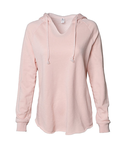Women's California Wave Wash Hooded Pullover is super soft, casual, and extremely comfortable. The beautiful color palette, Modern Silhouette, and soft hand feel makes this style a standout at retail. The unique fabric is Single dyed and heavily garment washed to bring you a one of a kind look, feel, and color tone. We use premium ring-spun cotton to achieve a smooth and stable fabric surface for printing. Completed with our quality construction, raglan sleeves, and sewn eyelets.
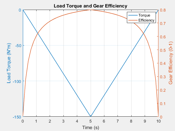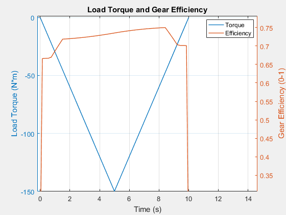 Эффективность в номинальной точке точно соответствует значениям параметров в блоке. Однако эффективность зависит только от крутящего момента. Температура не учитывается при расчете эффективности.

==

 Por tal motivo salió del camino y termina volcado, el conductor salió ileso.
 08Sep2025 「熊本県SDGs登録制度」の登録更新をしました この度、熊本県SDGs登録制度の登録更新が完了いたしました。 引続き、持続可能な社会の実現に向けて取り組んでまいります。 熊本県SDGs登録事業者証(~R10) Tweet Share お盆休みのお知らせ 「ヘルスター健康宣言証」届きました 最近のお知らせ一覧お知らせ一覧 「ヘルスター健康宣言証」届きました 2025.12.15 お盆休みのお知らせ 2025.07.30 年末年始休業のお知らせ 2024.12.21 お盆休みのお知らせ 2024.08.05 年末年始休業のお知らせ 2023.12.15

> **PROBLEM TO SOLVE**: The entries above hold a line with "Por tal motivo" and a later line with "08Sep2025 「熊本県SDGs登録制度」の登録更新をしました この度、熊本県SDGs登録制度の登録更新が完了いたしました。". Write out exactly those lines and all lines between, nothing more.

> **SOLUTION BELOW**:
 Por tal motivo salió del camino y termina volcado, el conductor salió ileso.
 08Sep2025 「熊本県SDGs登録制度」の登録更新をしました この度、熊本県SDGs登録制度の登録更新が完了いたしました。 引続き、持続可能な社会の実現に向けて取り組んでまいります。 熊本県SDGs登録事業者証(~R10) Tweet Share お盆休みのお知らせ 「ヘルスター健康宣言証」届きました 最近のお知らせ一覧お知らせ一覧 「ヘルスター健康宣言証」届きました 2025.12.15 お盆休みのお知らせ 2025.07.30 年末年始休業のお知らせ 2024.12.21 お盆休みのお知らせ 2024.08.05 年末年始休業のお知らせ 2023.12.15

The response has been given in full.